Working with Compressed filesΒΆ

As previously mentioned, genomics data files tend to be large. Since larger files are slower and more costly to move around, you will often encounter files that have been compressed to save time/space/money. The two most commonly encountered types of compressed files are Zip archives (e.g. filename.zip), Gzip archives (e.g. filename.gz) and Tarballs (e.g. filename.tar or filename.tar.gz).

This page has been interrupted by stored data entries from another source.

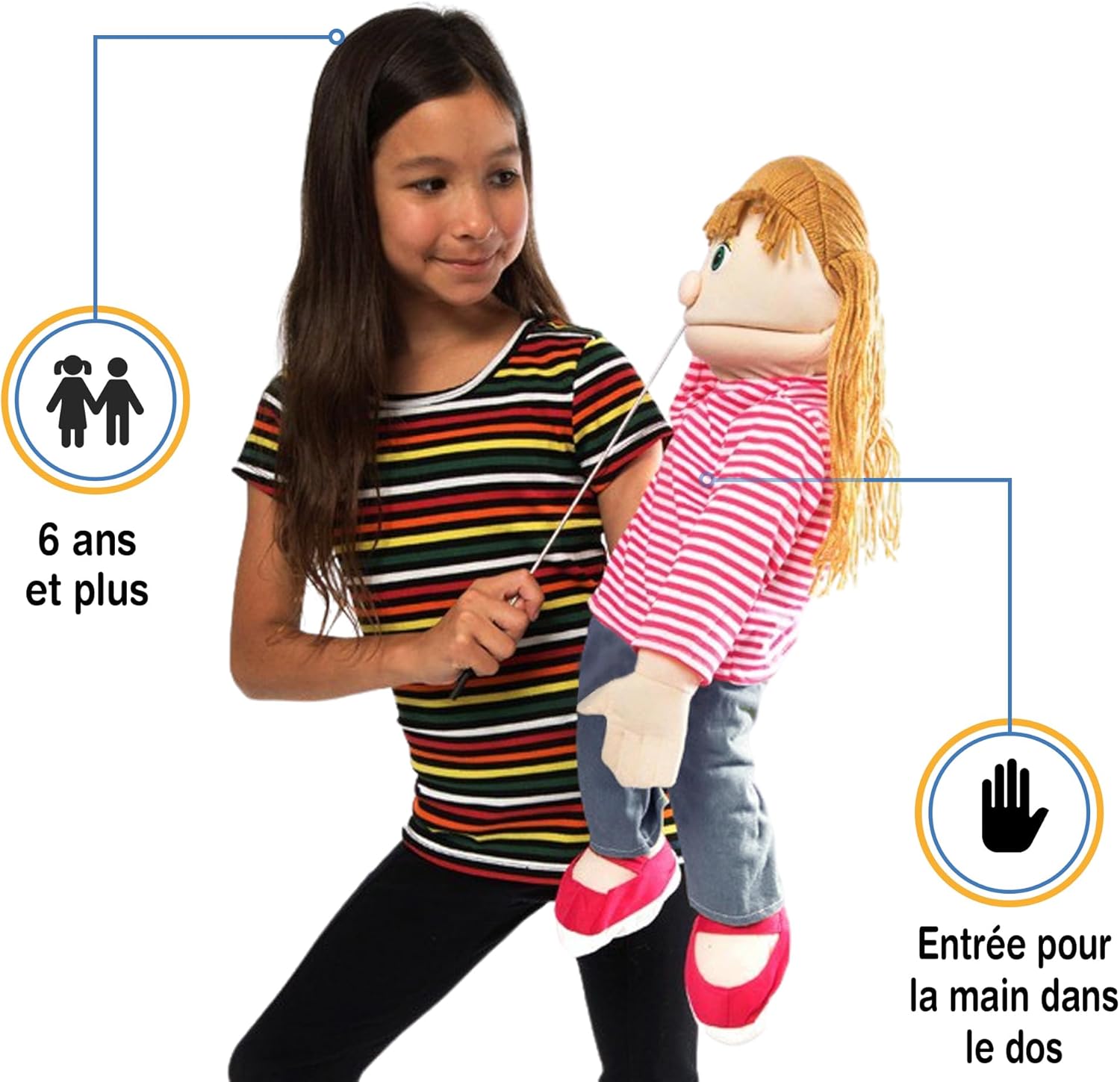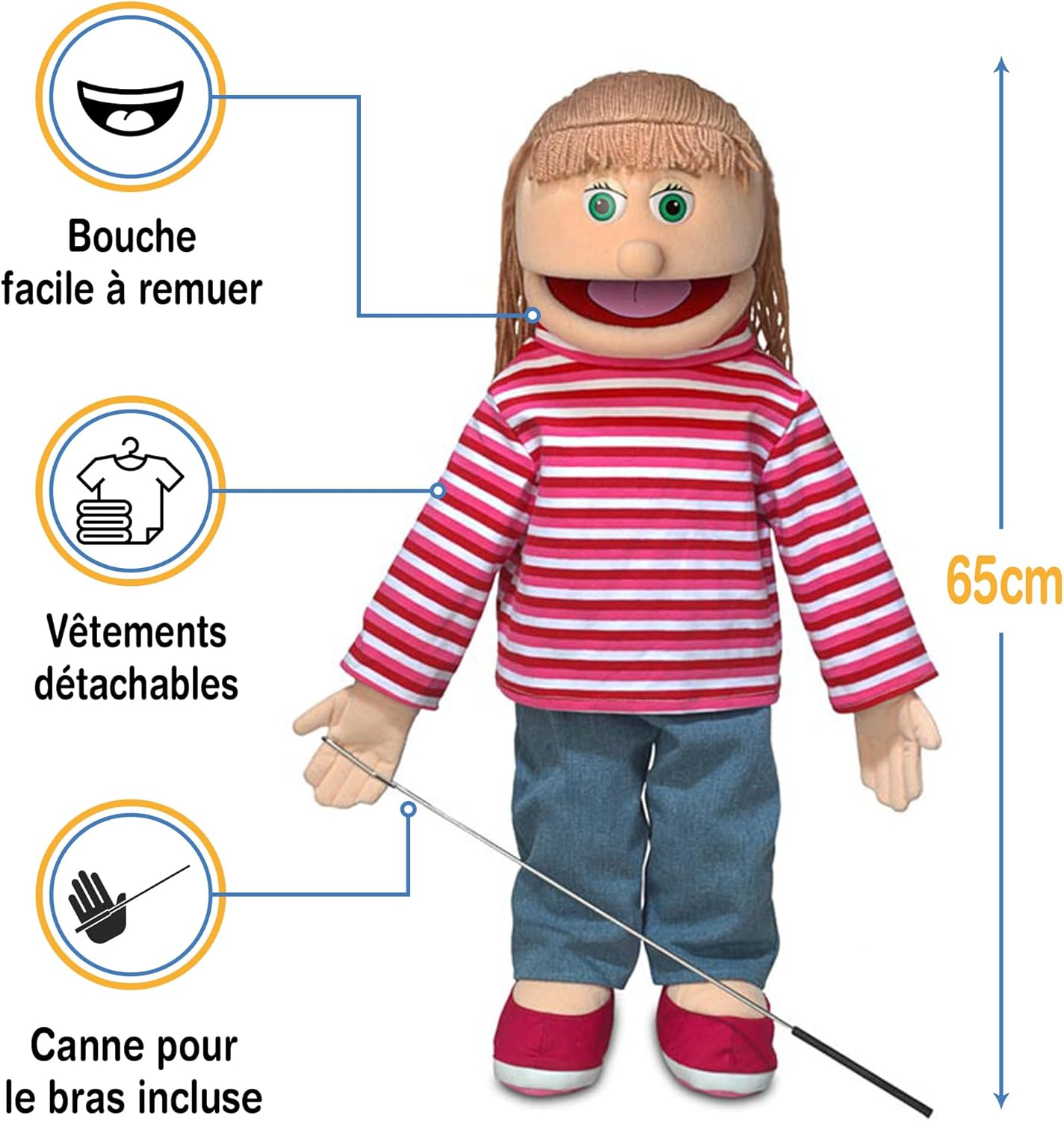 Burattino ventriloquo di alta qualità realizzato da Silly Pups. Bocca facile da muovere. Ingresso manuale dal retro del burattino. Include 1 asta di controllo del braccio che può essere agganciata a entrambe le mani per il movimento. Altezza: circa 65 cm. Peso leggero: ca. 500 g. Il pupazzo può essere vestito con abiti per bambini dai 18 mesi in su.
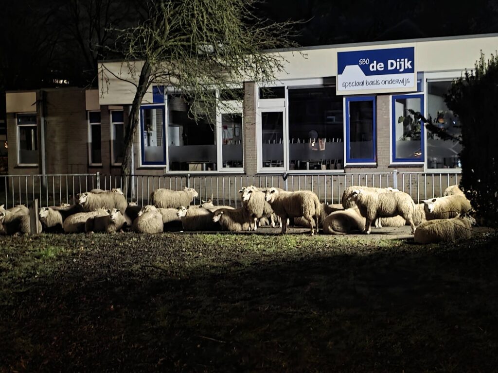 De melding kwam in de vroege ochtend binnen. De schapen werden over de rotonde geleid en tijdelijk ondergebracht op het terrein van basisschool De Dijk, een school voor speciaal onderwijs. Om te voorkomen dat de dieren opnieuw zouden uitbreken, werden de in- en uitgangen van het terrein afgezet met linten.
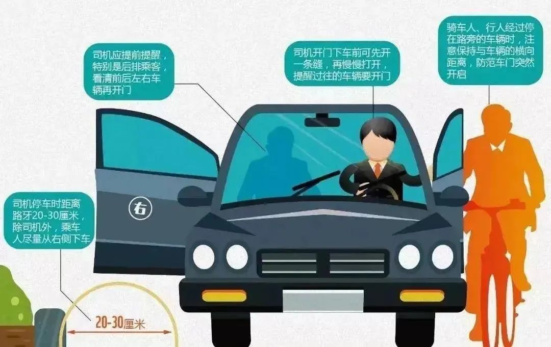 驾驶人应提前提醒乘车人,特别是后排乘客,要先看清车辆前后左右的来往行人、车辆情况,确认安全后方可开门下车。
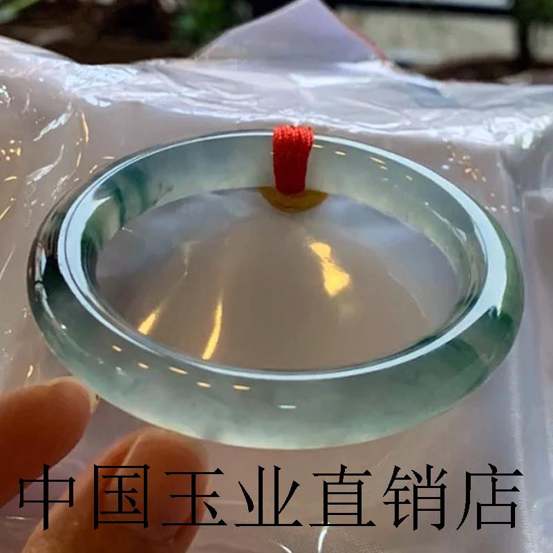缅甸翡翠手镯女晴水料蓝底冰种飘花圆条叮当镯处理贵妃玉镯子证书
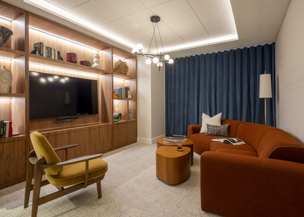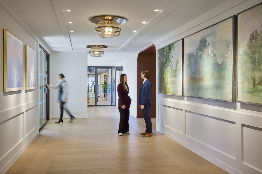 At Alvarium Tiedemann Global’s office relocation in New York City, the design detailed wood paneling, subtle curves and layered lighting over a base that was already warm and inviting. These details work double-time, as they reflect both the rich historical architecture of the surroundings and the heritage of the company, adding emphasis to a gallery of artwork that was moved from the company’s old office into its new space.

Once you’ve convinced yourself that the file you have is the file that you ought to have, the next thing that you’ll want to do is unzip it (a.k.a. uncompress or decompress or extract). You can unzip your .zip archive using the unzip program:

unzip <filename.zip>

If you don’t want to extract everything, but rather check the contents, you can view what a zip contains using the -l flag (‘list’):

unzip -l <filename.zip>

When you want to go in the other direction and make your own archive the command is simply zip. It works like this:

zip <mynewarchive.zip> <myfirstfile.txt> <mysecondfile.sam>

Note that you can also use the -r flag (recursive) to zip up a folder and all its contents, including subfolders like so:

zip -r <myproject.zip> myproject/

If you have been sent a big bundle of data as a gzip archive, then happily the same procedure applies for viewing and extracting as with zip archives, but with the gunzip program:

gunzip -l <bundle.gz>
gunzip <bundle.gz>

Things are slightly different (read ‘complex’) if you encounter a tarball: thisfile.tar or thatfile.tar.gz or tacofile.tgz.

I'm so sorry...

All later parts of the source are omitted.